Au bout du compte, la façon dont vous ressentirez la BRI ne sera que le reflet de ce que vous ressentirez pour une monnaie unique. La banque fut un acteur important de la création de l’Euro comme la monnaie commune de l’Europe. Certaines rumeurs disent que le prochain projet est de persuader les Etats-Unis, le Canada et le Mexique de passer à une monnaie régionale similaire, qui sera peut-être appelée “l’Amero” et il est logique d’assumer que le but ultime de la banque est une monnaie unique mondiale. Ceci simplifierait les transactions et solidifierait vraiment le contrôle des banques sur l’économie planétaire.

Mais si les Etats-Unis abandonnaient un jour le dollar, ceci constituerait une gifle majeure à la souveraineté nationale de ce grand pays. Quand quelqu’un d’autre contrôle votre monnaie, il importe peu qui fait les lois. (NDT: Ceci est pourtant déjà en cours aux Etats-Unis puisque la Banque de la Réserve Fédérale est un cartel de banques privées transnational, la monnaie bidon qu’est le dollar US est déjà contrôlée par les banques transnationales depuis 1913…)

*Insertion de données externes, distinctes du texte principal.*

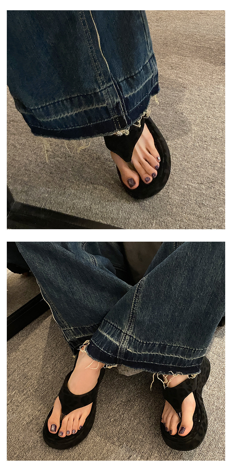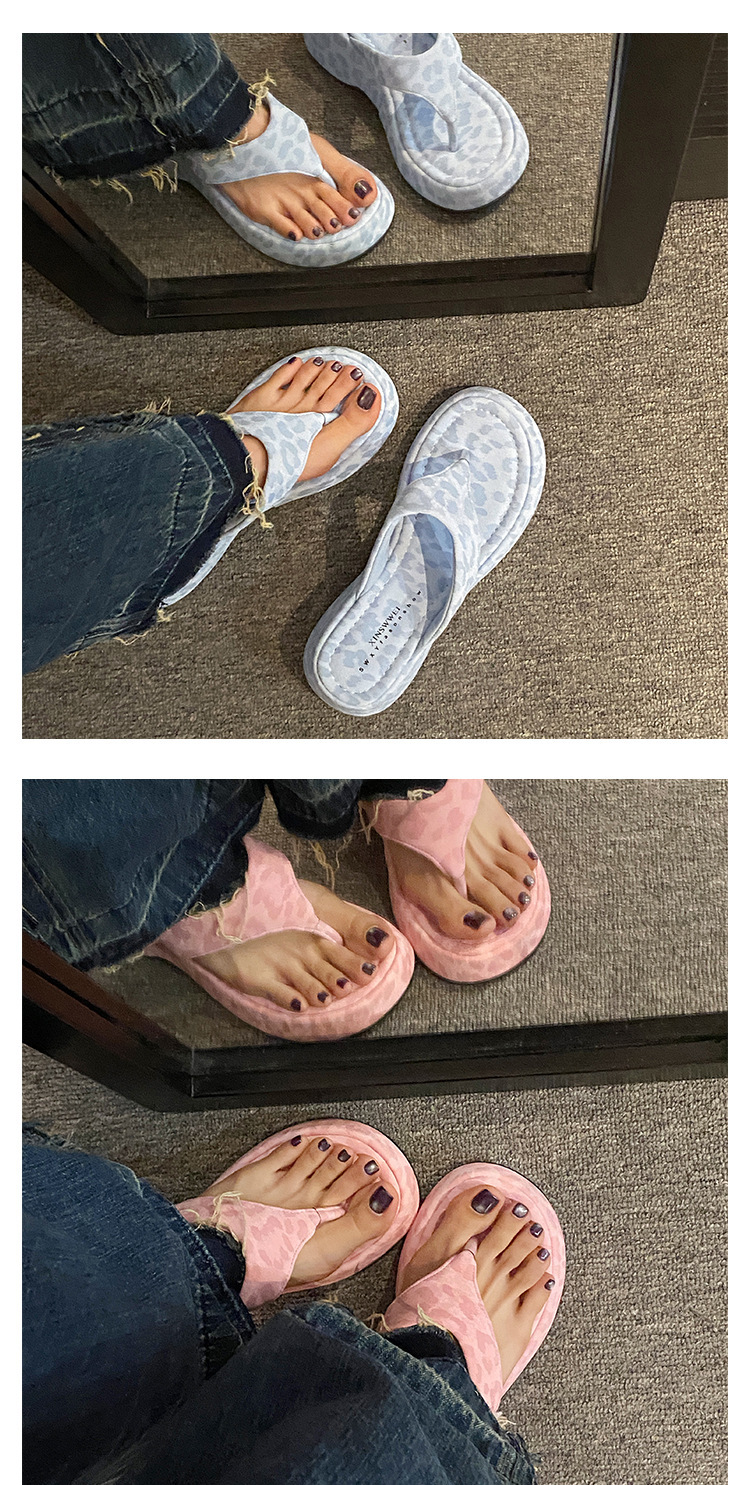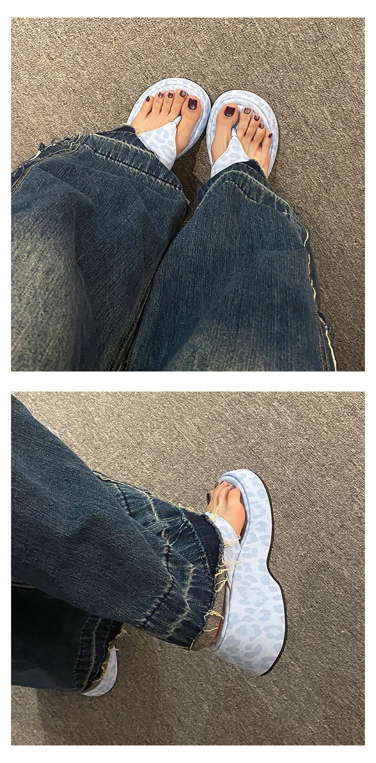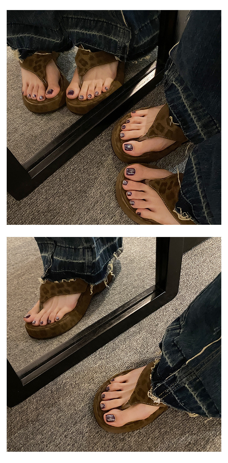 이신웨이 프렌치 핑크 레오파드 프린트 웨지 힐 슬리퍼 여성 여름용 2025 신상 요정 하이힐스토어 가기

Malheureusement, l’élite mondialiste semble être absolument obsédée par l’idée d’une monnaie unique mondiale, un système économique unique mondial et un gouvernement mondial le régissant.

Rien de tout ceci ne va se produire cette année, mais les choses bougent en ce sens. Avec chaque nouvelle crise qui émerge, les solutions qui nous seront imposées impliqueront toujours plus de centralisation et toujours plus de mondialisation.

Après avoir lu tout ceci, on est en droit de se demander à quoi servent toutes les théories de l'économie monétaire apprises dans les grandes écoles et Universités. On comprend mieux ce qui inspire le principe de la "discrétion" du Banquier Central.